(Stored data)

:::::

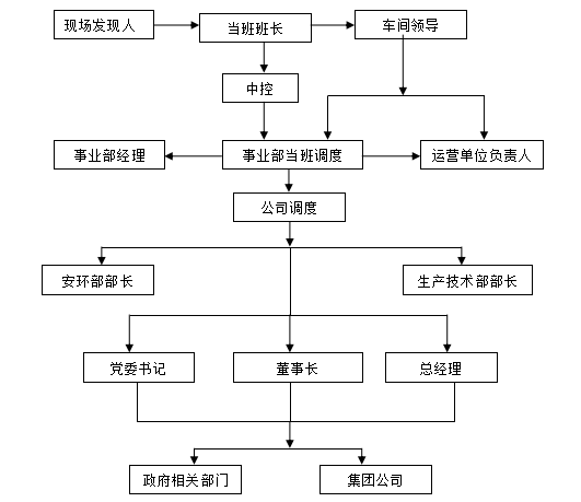为应对公司可能发生的各类安全事故,根据公司实际情况,成立应急指挥中心,在发生安全事故时负责统一指挥、协调处理应急救援工作。应急指挥中心设在152调度室。各事业部成立现场指挥部,由指挥部成员或车间领导为现场总指挥,负责各事业部的一般事件的应急救援工作,受公司指挥中心的垂直领导。
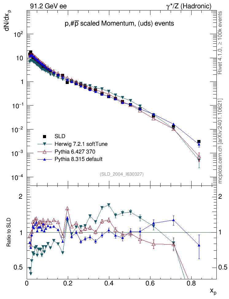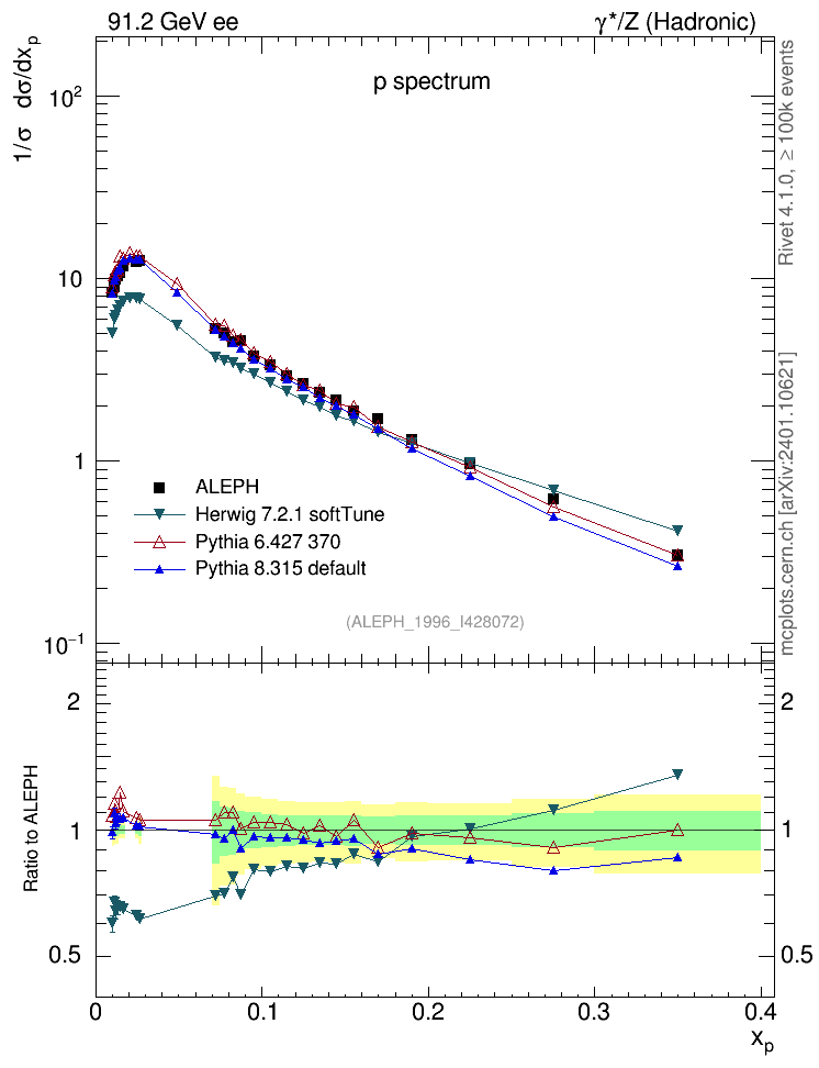 ee : γ*/Z (hadronic) : Identified Particles : p spectrum
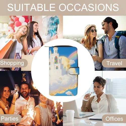 Cloud Castle Printed Leather Wallet, Multifunctional Leather Purse, Compact Card Holder Wallet, Pattern Wallet, Travel & Daily Use Wallet
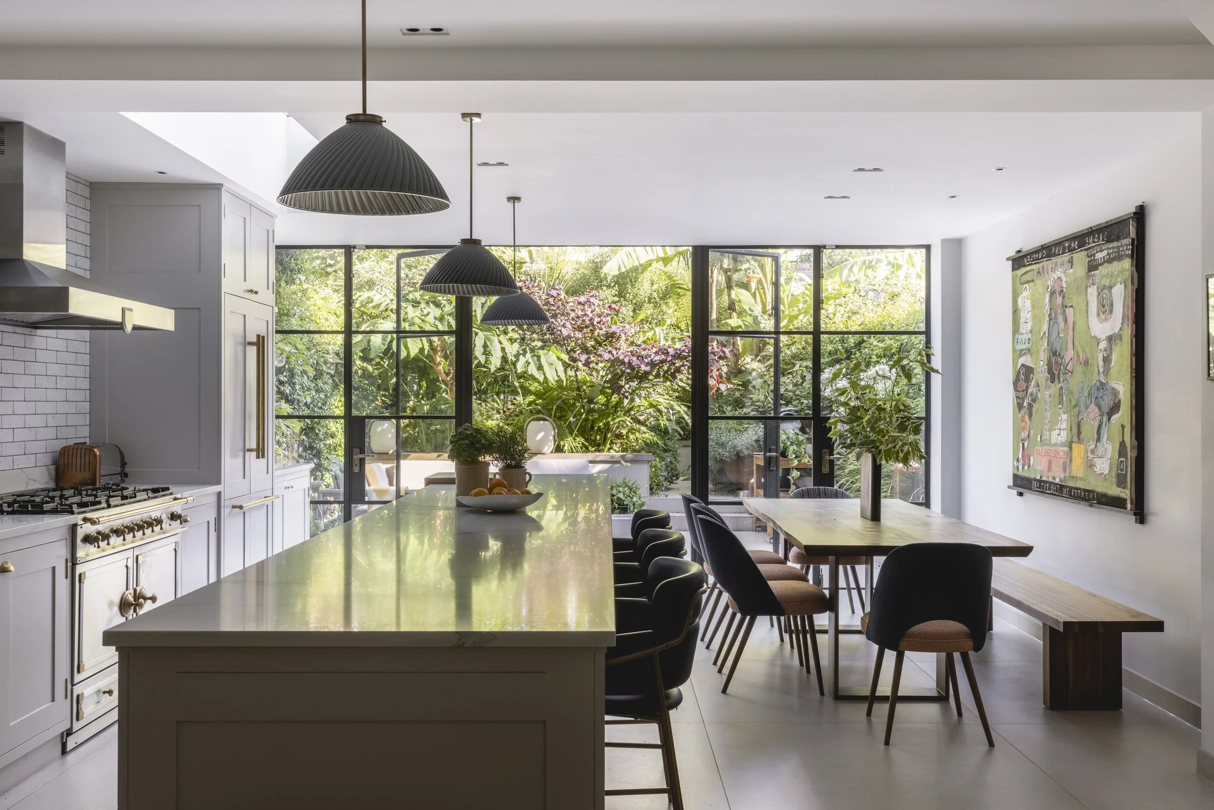 A private home for a young art dealer, this five-storey Chelsea townhouse was reimagined as a light-filled sanctuary with space to grow into. Behind its traditional façade, bespoke carpentry, custom steel-framed doors and soft, refined materials shape a calm and characterful interior. In the master suite, limed oak panelled walls conceal generous storage to create a space that feels both tailored and serene. At the rear, a wild leafy garden brings a sense of retreat to everyday city living.
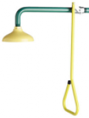 Emergency Shower features an impeller action yellow Cycolac® shower head with a horizontal overhead supply. The unit is activated with a 1" stay-open ball valve operated by a high visibility yellow pull rod. ANSI Z358.1 compliant.
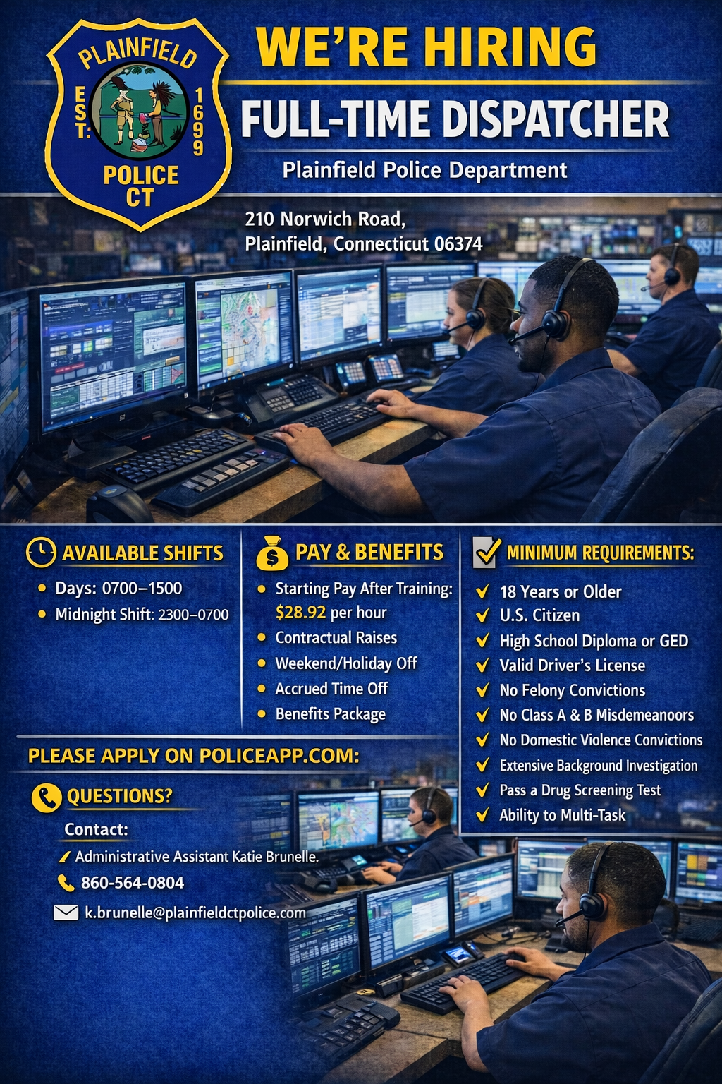 Please direct questions regarding this position to k.brunelle@plainfieldctpolice.com
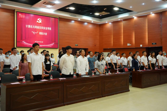 大会在庄严的国歌声中拉开了序幕,全体党员在鲜红的党旗下重温入党誓词。计算机科学与技术学院党务负责人王红英通报了学院获得校级“两优一先”的表彰名单,并宣读了学院党委表彰文件,对beat365获奖的13名优秀共产党员、7名优秀党务工作者和3个先进党支部表示祝贺。
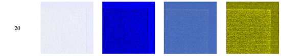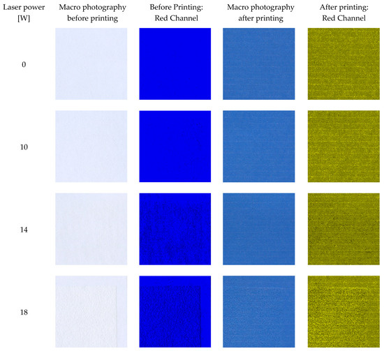 The paper used in the research was designed for office use, especially for photocopying and printing text and high-quality images on inkjet and laser printers. An increased paper stiffness ensures the reliable operation of printing devices. In addition, an optimal level of whiteness ensures an eye-friendly contrast and, at the same time, guarantees a high level of contrast and colour reproduction in printing. The satin structure of the initial paper samples had a smooth surface, which guarantees the quick drying of inkjet prints while maintaining a deep shade of black and uniformly intense colours. To analyse the effect of the laser modification on their printability, the paper samples were printed with inkjet ink. The samples were then scanned and analysed for RGB to determine the non-uniformity of the prints. The obtained results were compared with the unmodified samples and are presented in Figure 5.
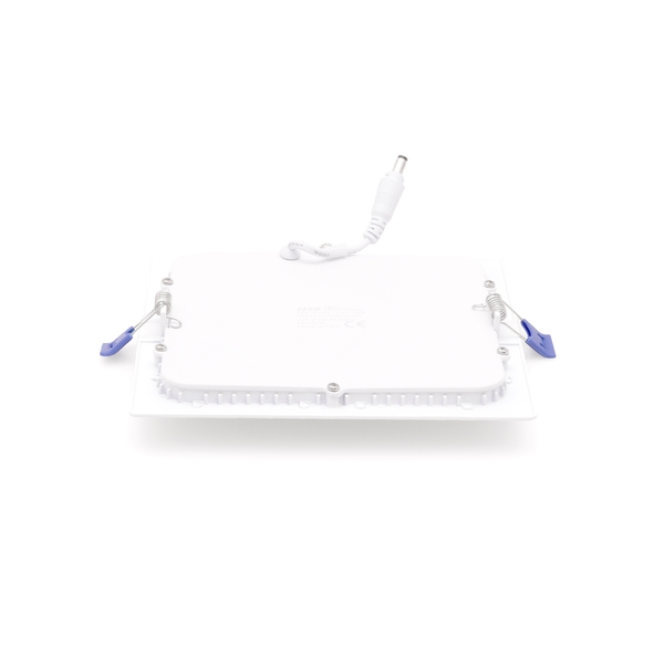 Semleges színhőmérsékletű, fehér színű álmennyezeti négyzet alakú LED panel. A lámpatest átmérője: 17 cm, a mennyezeti kivágás mérete: 15,5 cm
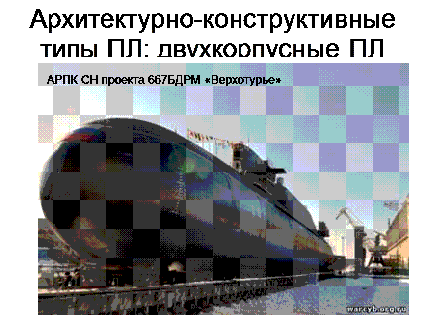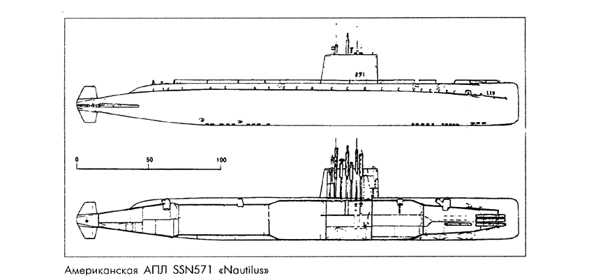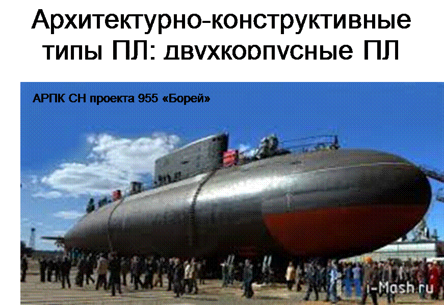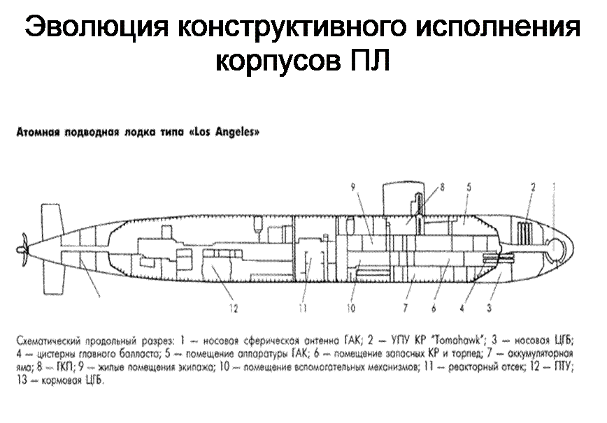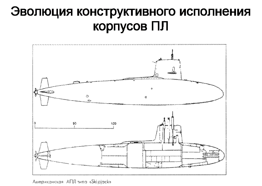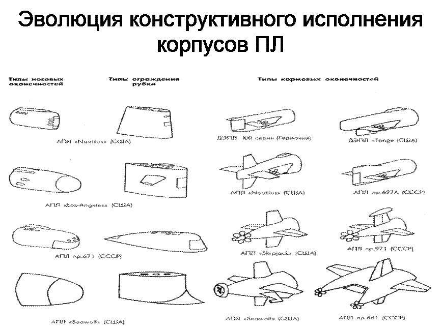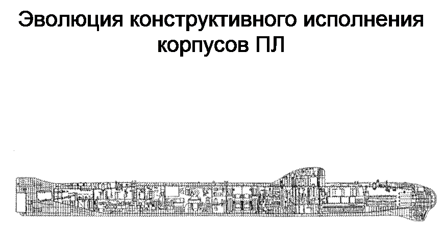 | 1 поколение "Nautilus", "Seawolf" ("Skate")) Пр. 627, 658,659, 645 | 1. Корпус смешанного типа: на большей части длины -однокорпусная конструкция, а двухкорпусная сохранялась в районе носовых торпедных отсеков и турбинного отсека ("Nautilus" и "Seawolf" или кормового торпедного отсека ("Skate")). 2. Корпуса АПЛ и надстройки выполнены по типу корпуса ДЭПЛ "Tang". | 1. Архитектурно-конструктивное исполнение: двухкорпус-ная АПЛ. 2. Форма корпуса - близкая к осесимметричной, с обтекае-мым каплеобразным носом. В кормовой части обводы поперечных сечений становились эллиптическими и постепенно сводились к плоским. 3. Новая форма ограждения рубки, которая в советском кораблестроении получила наименование "лимузинной", отличающемуся соотношением высоты к длине меньше единицы и плавным переходом крыши в наклонную кормовую кромку. Для такой формы характерно объемное обтекание и низкий коэффициент сопротивления. 4. Сокращение количества плохообтекаемых деталей на корпусе (кнехтов, киповых планок, леерных стоек и т.п.) |
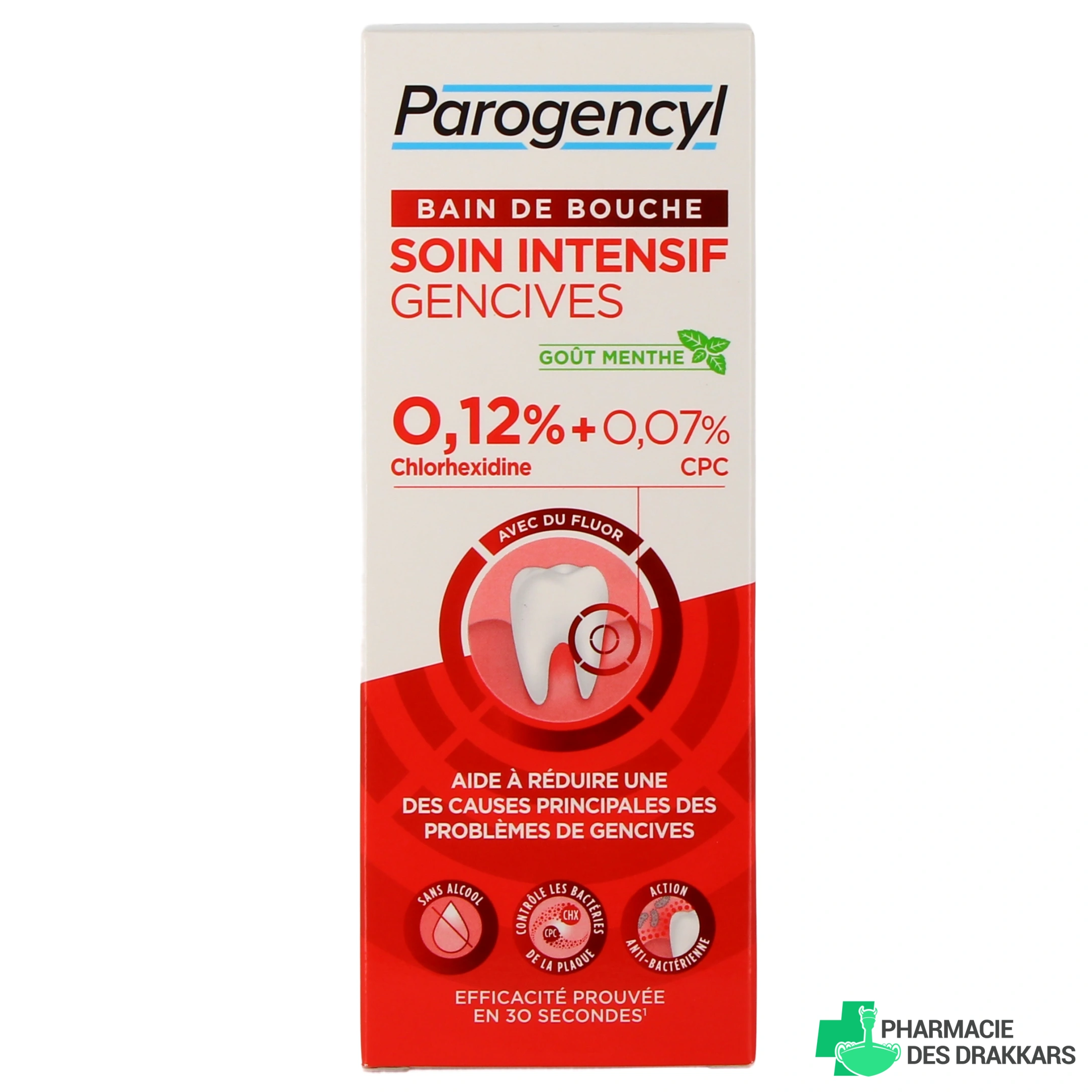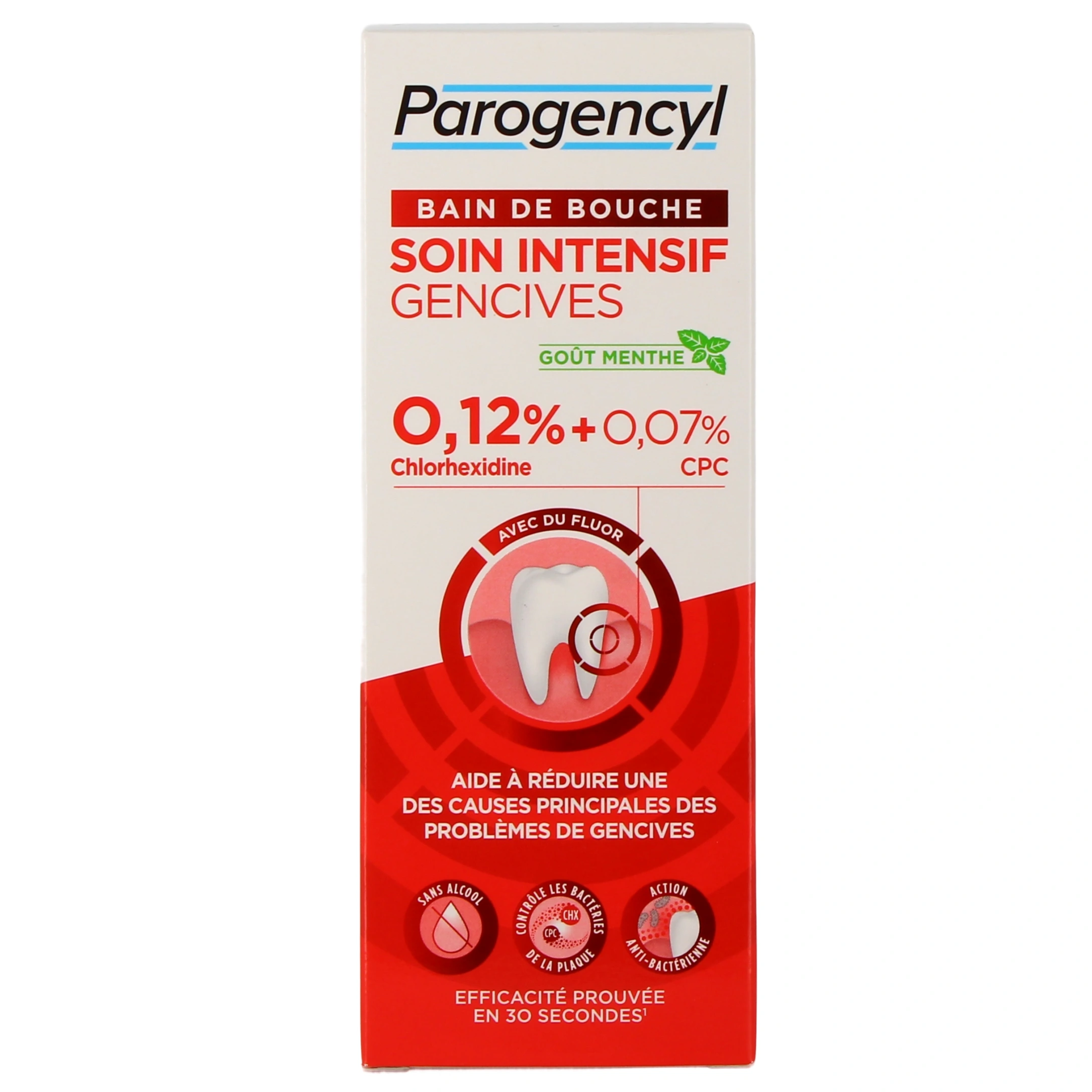 Si vous souffrez d'inflammations gingivales occasionnelles ou récurrentes, telles qu'un gonflement des gencives, des rougeurs ou encore des saignements, alors le bain de bouche Soin Intensif Gencives Parogencyl est fait pour vous. Sa formule contient notamment 0,12% de chlorhexidine, pour réduire l'accumulation de la plaque dentaire et des bactéries, ainsi que 0,07% de chlorure de Cetylpyridinium, un agent antibactérien contribuant au maintien de gencives plus saines.
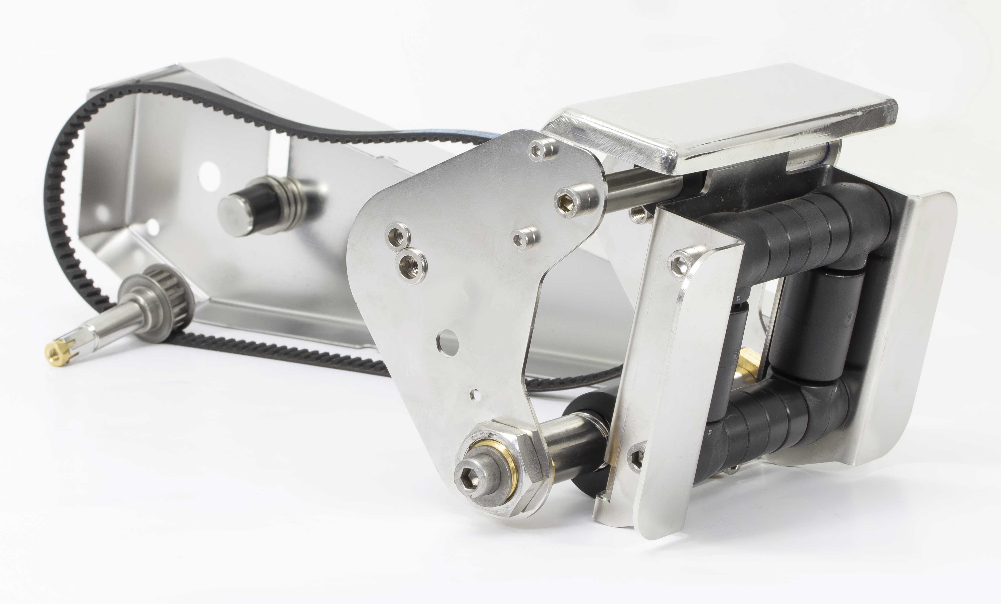 Ausgestattet mit Rollen, horizontal und vertikal, die an den jeweiligen Schlauch angepasst werden können.

:::::

### WHAT YOU SHOULD DO
Your answer must be the exact lines of the records from the first one through the line containing "大会在庄严的国歌声中拉开了序", with no pictures in it.

### YOUR RESPONSE
为应对公司可能发生的各类安全事故,根据公司实际情况,成立应急指挥中心,在发生安全事故时负责统一指挥、协调处理应急救援工作。应急指挥中心设在152调度室。各事业部成立现场指挥部,由指挥部成员或车间领导为现场总指挥,负责各事业部的一般事件的应急救援工作,受公司指挥中心的垂直领导。
 ee : γ*/Z (hadronic) : Identified Particles : p spectrum
 Cloud Castle Printed Leather Wallet, Multifunctional Leather Purse, Compact Card Holder Wallet, Pattern Wallet, Travel & Daily Use Wallet
 A private home for a young art dealer, this five-storey Chelsea townhouse was reimagined as a light-filled sanctuary with space to grow into. Behind its traditional façade, bespoke carpentry, custom steel-framed doors and soft, refined materials shape a calm and characterful interior. In the master suite, limed oak panelled walls conceal generous storage to create a space that feels both tailored and serene. At the rear, a wild leafy garden brings a sense of retreat to everyday city living.
 Emergency Shower features an impeller action yellow Cycolac® shower head with a horizontal overhead supply. The unit is activated with a 1" stay-open ball valve operated by a high visibility yellow pull rod. ANSI Z358.1 compliant.
 Please direct questions regarding this position to k.brunelle@plainfieldctpolice.com
 大会在庄严的国歌声中拉开了序幕,全体党员在鲜红的党旗下重温入党誓词。计算机科学与技术学院党务负责人王红英通报了学院获得校级“两优一先”的表彰名单,并宣读了学院党委表彰文件,对beat365获奖的13名优秀共产党员、7名优秀党务工作者和3个先进党支部表示祝贺。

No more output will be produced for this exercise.